■ INPUT DATA ■
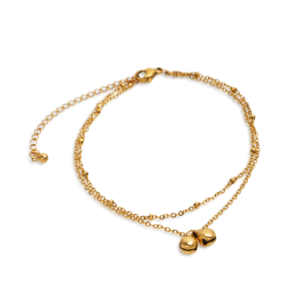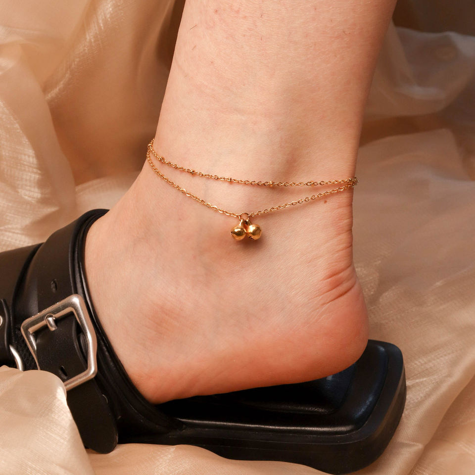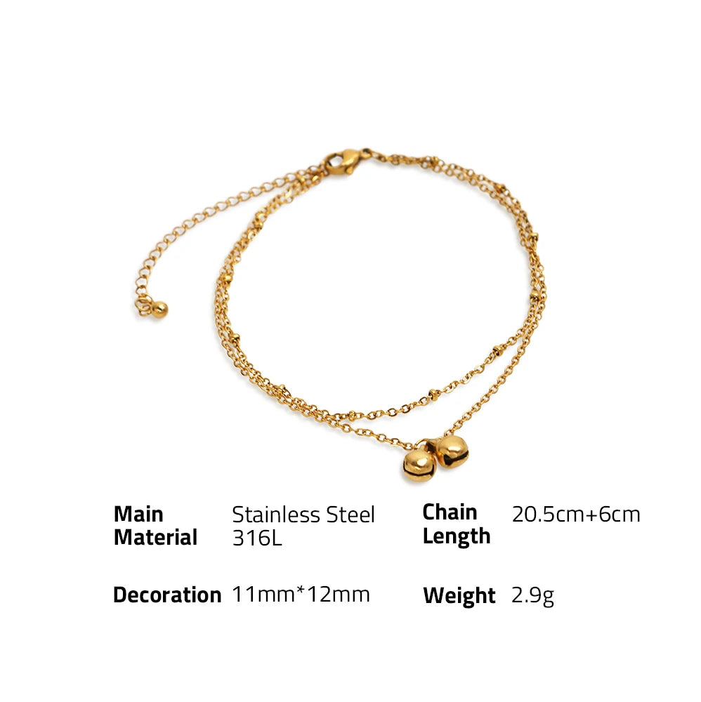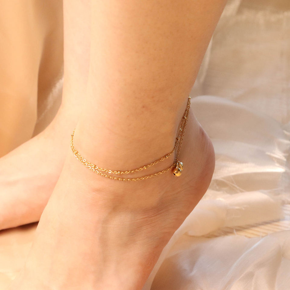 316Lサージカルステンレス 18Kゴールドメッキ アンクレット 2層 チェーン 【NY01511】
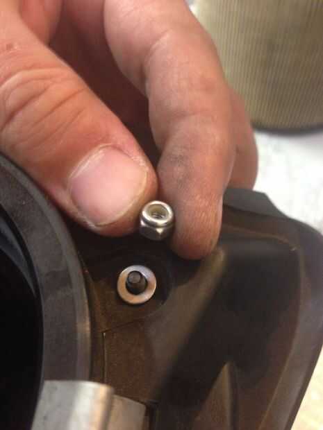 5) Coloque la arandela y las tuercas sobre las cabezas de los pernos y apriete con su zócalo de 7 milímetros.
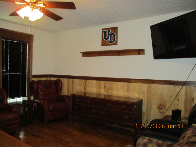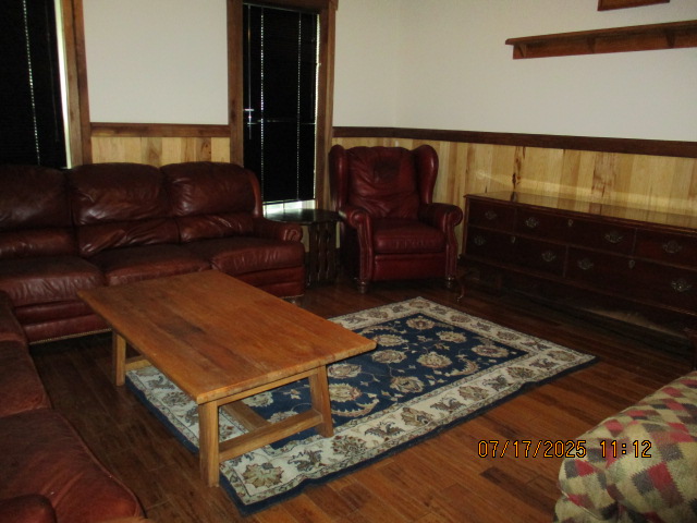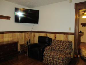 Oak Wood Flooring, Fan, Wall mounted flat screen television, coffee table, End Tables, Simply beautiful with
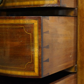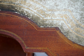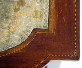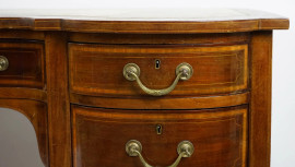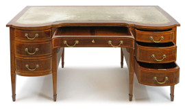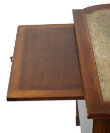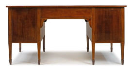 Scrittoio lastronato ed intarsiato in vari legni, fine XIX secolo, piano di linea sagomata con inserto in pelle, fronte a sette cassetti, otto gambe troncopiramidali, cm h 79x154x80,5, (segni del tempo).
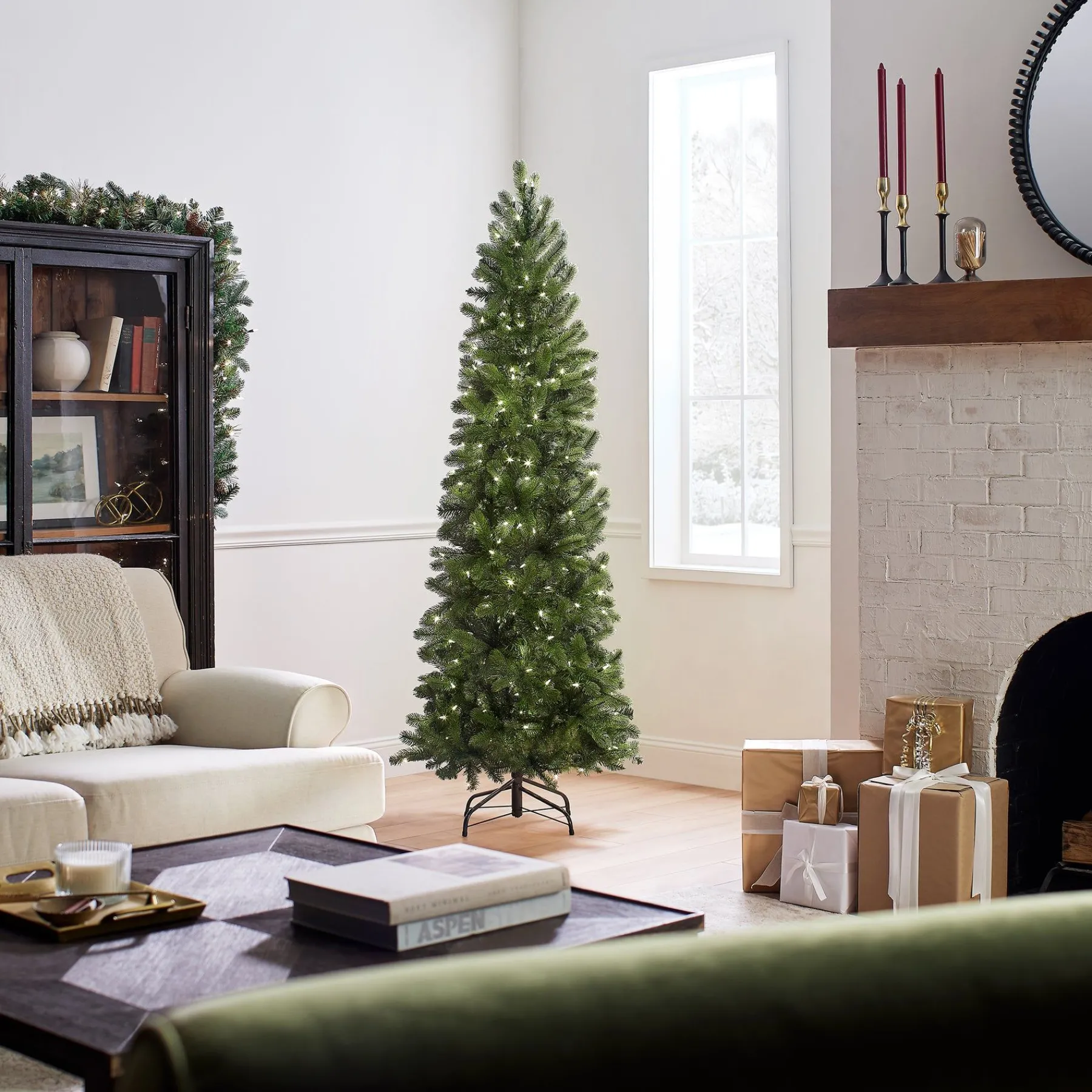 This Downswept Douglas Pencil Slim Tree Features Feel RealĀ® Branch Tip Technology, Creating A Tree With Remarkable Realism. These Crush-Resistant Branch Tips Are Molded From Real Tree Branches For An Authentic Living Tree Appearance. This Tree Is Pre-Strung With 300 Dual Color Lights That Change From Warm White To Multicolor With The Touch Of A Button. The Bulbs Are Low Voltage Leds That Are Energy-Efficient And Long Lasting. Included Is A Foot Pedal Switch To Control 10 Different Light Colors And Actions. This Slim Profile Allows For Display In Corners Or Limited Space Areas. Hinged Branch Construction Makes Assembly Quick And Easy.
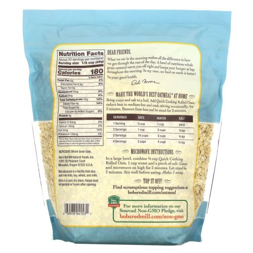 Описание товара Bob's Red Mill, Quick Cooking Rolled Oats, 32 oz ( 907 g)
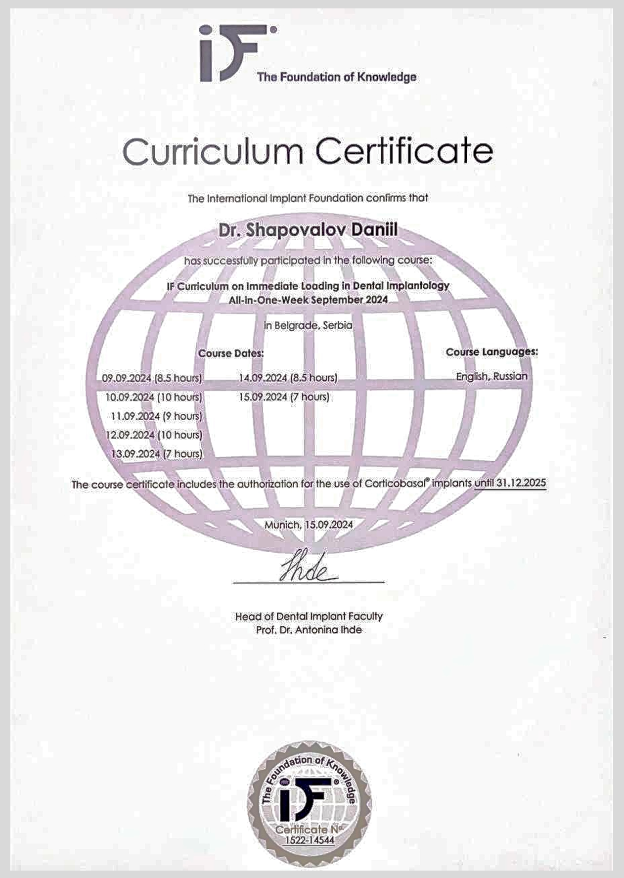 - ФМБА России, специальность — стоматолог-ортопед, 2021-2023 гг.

■ ASSIGNMENT ■
Although the records hold pictures, the copy must not; give again exactly the lines from the one with "5) Coloque la" through the one with "Scrittoio lastronato ed".

■ OUTPUT OF THE TASK ■
 5) Coloque la arandela y las tuercas sobre las cabezas de los pernos y apriete con su zócalo de 7 milímetros.
 Oak Wood Flooring, Fan, Wall mounted flat screen television, coffee table, End Tables, Simply beautiful with
 Scrittoio lastronato ed intarsiato in vari legni, fine XIX secolo, piano di linea sagomata con inserto in pelle, fronte a sette cassetti, otto gambe troncopiramidali, cm h 79x154x80,5, (segni del tempo).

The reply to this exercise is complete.